**TRY IT:** Exact copy, no pictures: output each line below as it stands.

-------- MATERIAL PROVIDED

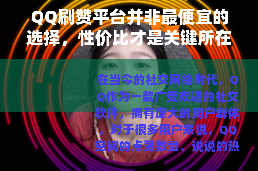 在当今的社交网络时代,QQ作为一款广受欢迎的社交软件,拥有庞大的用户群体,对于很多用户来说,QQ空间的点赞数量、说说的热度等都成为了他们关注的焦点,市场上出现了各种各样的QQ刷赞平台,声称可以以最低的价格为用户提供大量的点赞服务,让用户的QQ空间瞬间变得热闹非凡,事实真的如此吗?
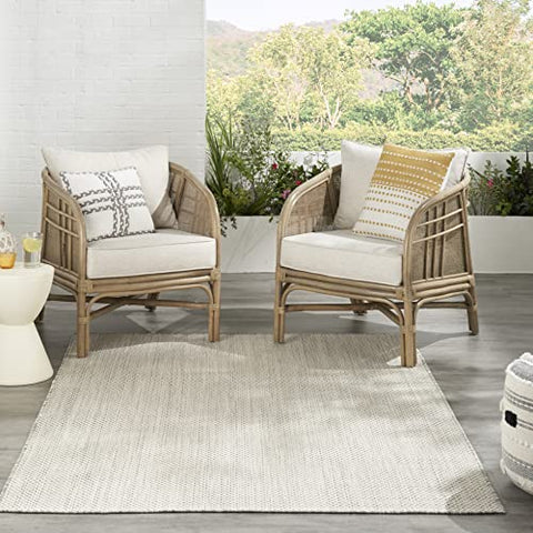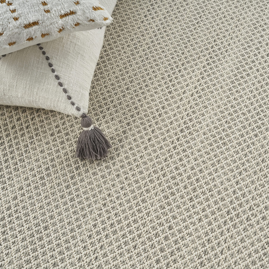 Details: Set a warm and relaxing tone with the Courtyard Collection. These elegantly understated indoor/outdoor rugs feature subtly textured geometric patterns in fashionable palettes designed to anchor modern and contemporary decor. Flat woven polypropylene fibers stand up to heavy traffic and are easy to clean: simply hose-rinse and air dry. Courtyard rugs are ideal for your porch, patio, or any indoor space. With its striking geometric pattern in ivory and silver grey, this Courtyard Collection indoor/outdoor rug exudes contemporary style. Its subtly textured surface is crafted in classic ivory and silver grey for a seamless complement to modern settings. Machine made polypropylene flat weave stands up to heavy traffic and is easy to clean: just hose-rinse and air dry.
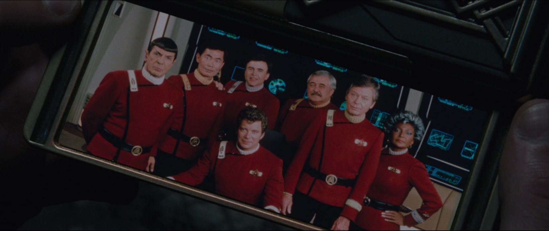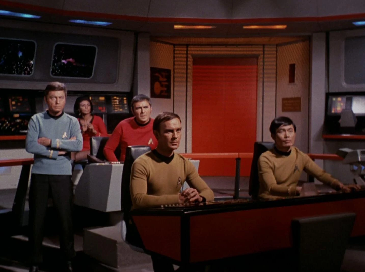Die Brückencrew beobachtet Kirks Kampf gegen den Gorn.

----------------

**RESPONSE TO THIS EXERCISE:**
 在当今的社交网络时代,QQ作为一款广受欢迎的社交软件,拥有庞大的用户群体,对于很多用户来说,QQ空间的点赞数量、说说的热度等都成为了他们关注的焦点,市场上出现了各种各样的QQ刷赞平台,声称可以以最低的价格为用户提供大量的点赞服务,让用户的QQ空间瞬间变得热闹非凡,事实真的如此吗?
 Details: Set a warm and relaxing tone with the Courtyard Collection. These elegantly understated indoor/outdoor rugs feature subtly textured geometric patterns in fashionable palettes designed to anchor modern and contemporary decor. Flat woven polypropylene fibers stand up to heavy traffic and are easy to clean: simply hose-rinse and air dry. Courtyard rugs are ideal for your porch, patio, or any indoor space. With its striking geometric pattern in ivory and silver grey, this Courtyard Collection indoor/outdoor rug exudes contemporary style. Its subtly textured surface is crafted in classic ivory and silver grey for a seamless complement to modern settings. Machine made polypropylene flat weave stands up to heavy traffic and is easy to clean: just hose-rinse and air dry.
Die Brückencrew beobachtet Kirks Kampf gegen den Gorn.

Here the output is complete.